So on with the story!

Young Amy (Oona Laurence, a child actress who I remember from "Bad Moms" and who is one of the few that I don't hate) is out looking for mushrooms in the sultry countryside near her Southern school - the Farnsworth Seminary for Young Girls - when she comes upon a wounded Union soldier, who introduces himself as Corporal John McBurney.  He seems harmless enough and Amy has a tender heart, because she loves all living things and I guess that includes wounded Union soldiers, so she helps him up and takes him to her school where six other women and young girls have taken refuge.  These women and girls are on their own because the slaves have supposedly all left and these are the girls who had nowhere else to go.

The school is presided over by Miss Martha Farmsworth (Nicole Kidman), hence the school's name, and classes are taught by Miss Edwina (Kirsten Dunst).  In addition to Amy, the other students are Alicia (Elle Fanning), Marie (Addison Riecke), Emily (Emma Howard) and Jane (Angourie Rice, who is currently starring in the new Spider Man movie).
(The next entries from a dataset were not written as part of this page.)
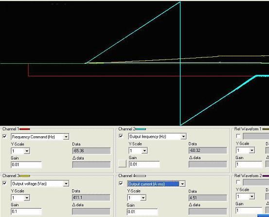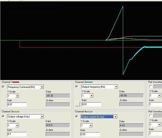从0加速到590hz的加速过程中实测加速时间为1.4s,加速中最大电流为19.3A,图形参见图4。
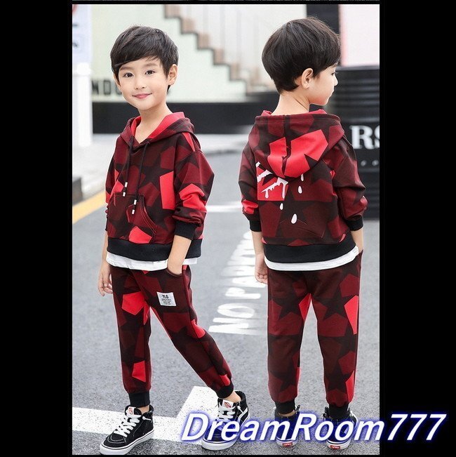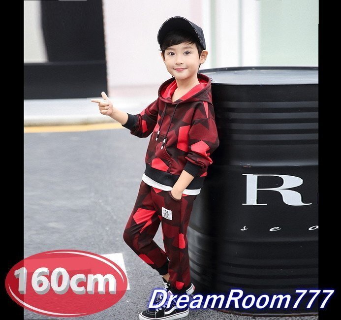 【160cm】ニュアンススター セットアップ レッド パーカー スエット 子供服 女の子 男の子 ルームウェアー 韓国子供服
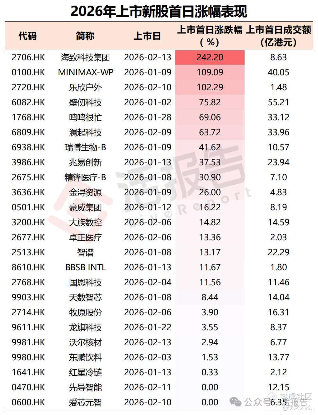 2026年上市的香港新股于上市首日“零”破发,其中海致科技集团成为首日股价涨幅最高的新股。
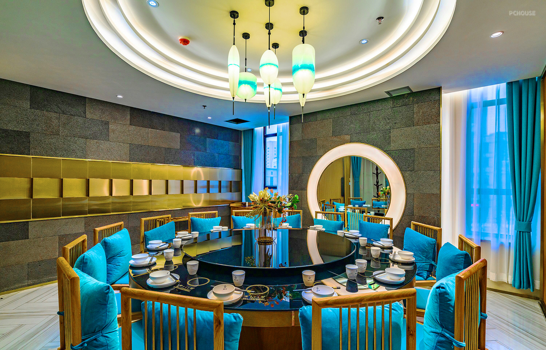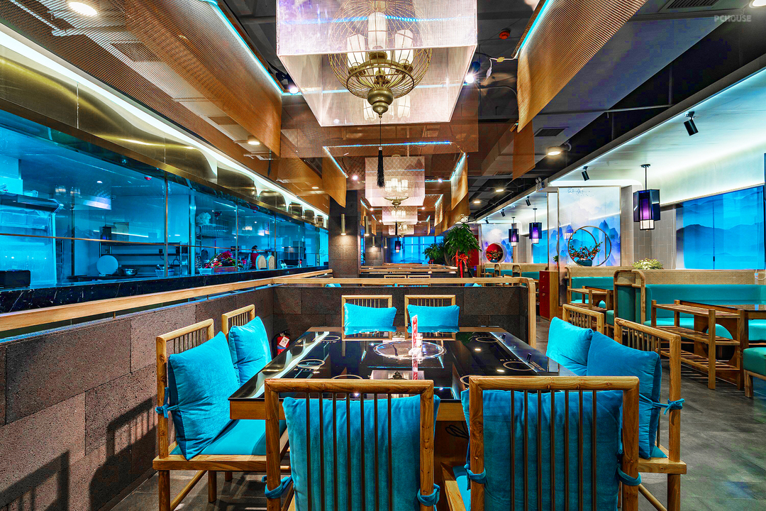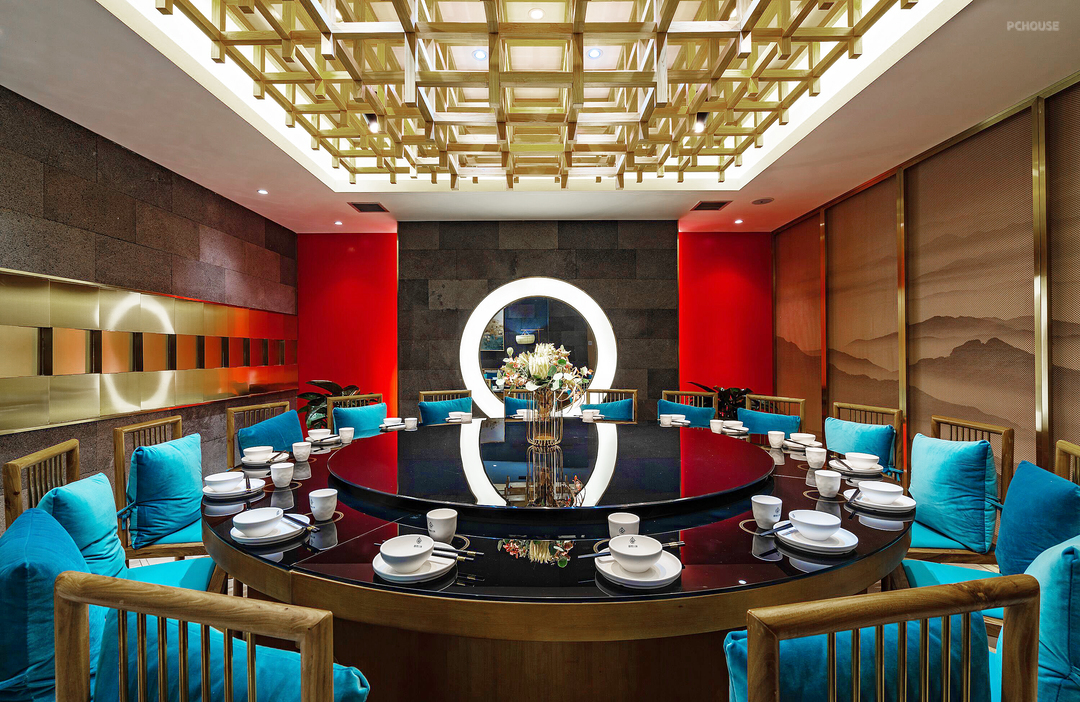 散台区域专门安排了8人坐的位置,去分散包厢少的压力,在经营上,设计师也同样下足了功夫,特别是用金色和蓝色来提升整个空间的气质,在视觉上给人一种宁静祥和,色彩在时间不断的变化的过程中由你宁静变得暧昧,又由暧昧变得冷静,让空间变成了流动、变化且调性极高的空间。
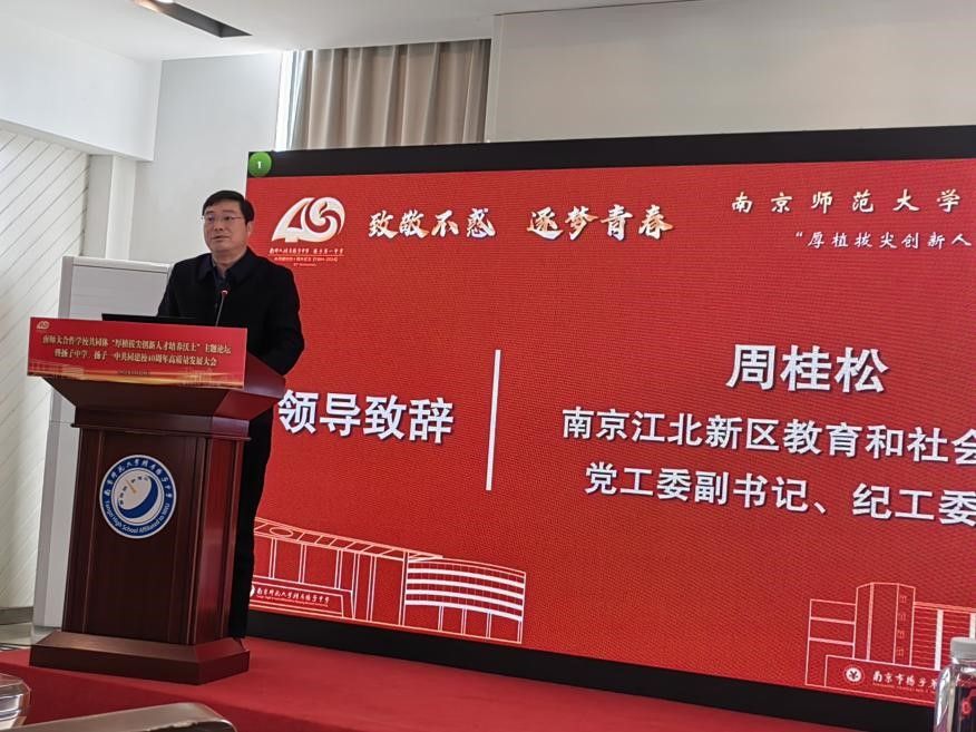 会议伊始,由南京江北新区教育和社会保障党工委副书记、纪工委书记周桂松致欢迎词。周书记对各位领导的莅临表示衷心感谢,并结合南京江北新区近十年的经济、教育发展历程,表达了对拔尖创新人才的关注,强调学校应加强深度合作、资源共享,共同探索人才培养的新模式。

Though Miss Martha plans to let the local Confederate Army know about Corporal McBurney by tying a blue cloth onto the school gate, an agreed upon alert when Union soldiers are about, she also believes helping McBurney is her Christian duty so they install him on a couch and lock him in the music room where Miss Martha proceeds to tend to his wounded leg. She also gets the idea to bathe McBurney, who has fallen into a sort of coma, so she dismisses the girls who are all agog at having a man in the house and proceeds to give him a sponge bath, almost succumbing to a case of the vapors while doing so.  She gets so turned on that she has to splash her face with cold water.

Thus sets the scene for each woman and young girl to jockey for the attention of this handsome man in their midst, and as they do so, jealousy, sexual tension and eventually violence ensues.  It also doesn't help that McBurney knows his power and charm and uses it to manipulate and insinuate himself into the lives of these women and girls. 

In addition to the sexual repression that reeks from Miss Martha, Miss Edwina is also all aflutter, and when McBurney asks what she would wish for if she could have anything she wanted, she reveals that she would leave the school and never come back. He tells her she is the most beautiful thing he has ever seen, and you know what that does to a woman when a man tells her that, right?  Meanwhile, Alicia is a fascinated teenager and one night excuses herself from evening prayer to go into McBurney's room and kiss him goodnight.  So now we have three women all vying for the attentions of Corporal McBurney.

So you see, not good.  Some very not good stuff is going to happen.

Director Sophia Coppola (who won the Best Director prize at Cannes this year for this film) has adapted this screenplay (this and the earlier film was based on Thomas P. Cullinan's 1966 novel) and created a stultifying and stifling atmosphere ripe for the sexual tension that ensues when these women and girls are confronted with a man in their midst.  And Farrell does a good job of playing the charming McBurney who easily accepts the attentions of the women and girls but when the tables turn shows his ugly side.  And it's not easy creating a character with depth when you are lying on your back for the most of the film, which is the case for Farrell.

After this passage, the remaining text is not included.